Ingatan akan pekerjaan Ibu itu memberikan peneguhan akan sabda Yesus hari ini. Bahkan, sebelum penderitaan-Nya Yesus juga mengajak para murid untuk makan bersama. Betapa pentingnya arti makan bersama dalam sebuah relasi kehidupan bersama dengan orang lain. Orang yang tidak mau makan bersama biasanya sedang bermasalah dengan orang yang mengundangnya makan atau memiliki aktivitas lain. Dewasa ini, kebiasaan makan bersama dalam keluarga nyaris tidak ada. Entah karena di antara anggota keluarganya sedang saling mendiamkan atau entah karena kesibukan masing-masing yang menyebabkan tidak dapat duduk semeja makan. Padahal, melalui makan bersama kita dapat mempererat tali persaudaraan, saling memperkaya lewat cerita, saling meneguhkan bila mengalami kesusahan atau mengucap syukur bersama atas rejeki.

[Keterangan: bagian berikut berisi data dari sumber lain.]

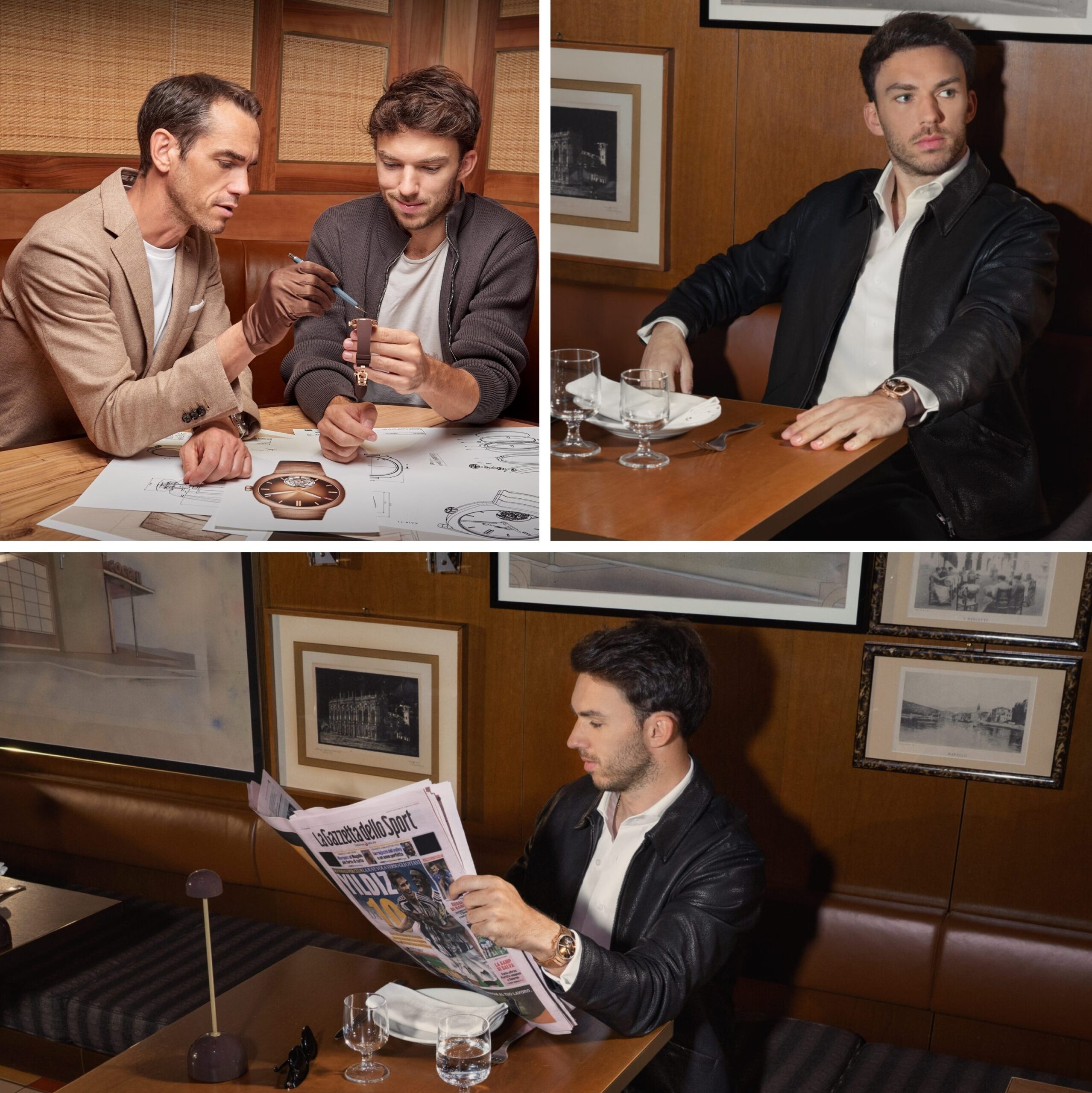 ilan luôn ẩn chứa điều gì đó thú vị khiến guồng quay mọi thứ trở nên chậm lại một nhịp, ngay cả với người quen lao đi ở tốc độ 300 km/giờ như Pierre Gasly. Trên một con phố nhỏ gần trung tâm, có quán cà phê mà tay đua trẻ thường ghé qua mỗi khi trở về thành phố. Chính tại một góc bàn quen thuộc, Pierre Gasly cùng đội ngũ thợ đồng hồ tài hoa H. Moser & Cie. đã gặp gỡ, kể về cơ duyên hợp tác giữa họ. Khung cảnh thật sự phản chiếu tinh thần của màn kết hợp này: chân thực, thân mật và tinh tế. Trong buổi trò chuyện thoải mái bên tách cà phê thoảng hương nồng nàn, Pierre chia sẻ lý do anh bị cuốn hút bởi Moser cũng như quá trình đồng sáng tạo nên Streamliner Tourbillon Pierre Gasly Edition và Streamliner Tourbillon Pierre Gasly On Gold mang đậm dấu ấn cá nhân.

Bila hari ini kita mendapat begitu banyak orang mudah putus asa atau merasa berjuang sendiri atau menjadi serakah dan beringas untuk mendapatkan rezekinya karena kurang bersyukur, mengapa kita tidak kembali pada kebiasaan makan bersama dalam keluarga? Yesus melalui Gereja-Nya juga meninggalkan kebiasaan makan bersama lewat Ekaristi agar di antara para murid-Nya dapat bersatu, saling meneguhkan dan akrab satu sama lain. Mengapa beberapa di antara kita mash sering meninggalkan Ekaristi? Ataukah kita sedang bermasalah dengan Tuhan? Ataukah kita terlalu sibuk dengan pekerjaan kita hingga tidak ada waktu untuk “makan bersama” Tuhan?